> Material provided:
---

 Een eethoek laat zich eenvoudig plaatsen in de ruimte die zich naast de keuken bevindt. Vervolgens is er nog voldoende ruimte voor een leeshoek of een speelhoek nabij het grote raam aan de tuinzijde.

---

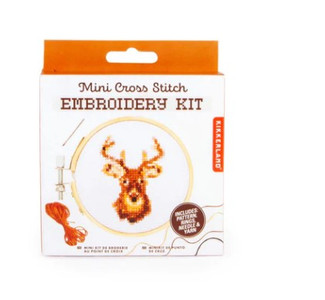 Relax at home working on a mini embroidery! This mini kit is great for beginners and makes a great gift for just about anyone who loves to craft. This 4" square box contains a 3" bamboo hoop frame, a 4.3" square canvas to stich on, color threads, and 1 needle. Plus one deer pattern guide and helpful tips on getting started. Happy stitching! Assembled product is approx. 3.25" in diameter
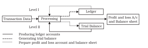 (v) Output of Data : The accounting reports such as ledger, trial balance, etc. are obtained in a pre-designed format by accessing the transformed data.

---

> Your instructions: Give again, exactly as written above, each line from the one that has "Relax at home" to the one that has "(v) Output of", both included; omit the pictures.

> Solution:
 Relax at home working on a mini embroidery! This mini kit is great for beginners and makes a great gift for just about anyone who loves to craft. This 4" square box contains a 3" bamboo hoop frame, a 4.3" square canvas to stich on, color threads, and 1 needle. Plus one deer pattern guide and helpful tips on getting started. Happy stitching! Assembled product is approx. 3.25" in diameter
 (v) Output of Data : The accounting reports such as ledger, trial balance, etc. are obtained in a pre-designed format by accessing the transformed data.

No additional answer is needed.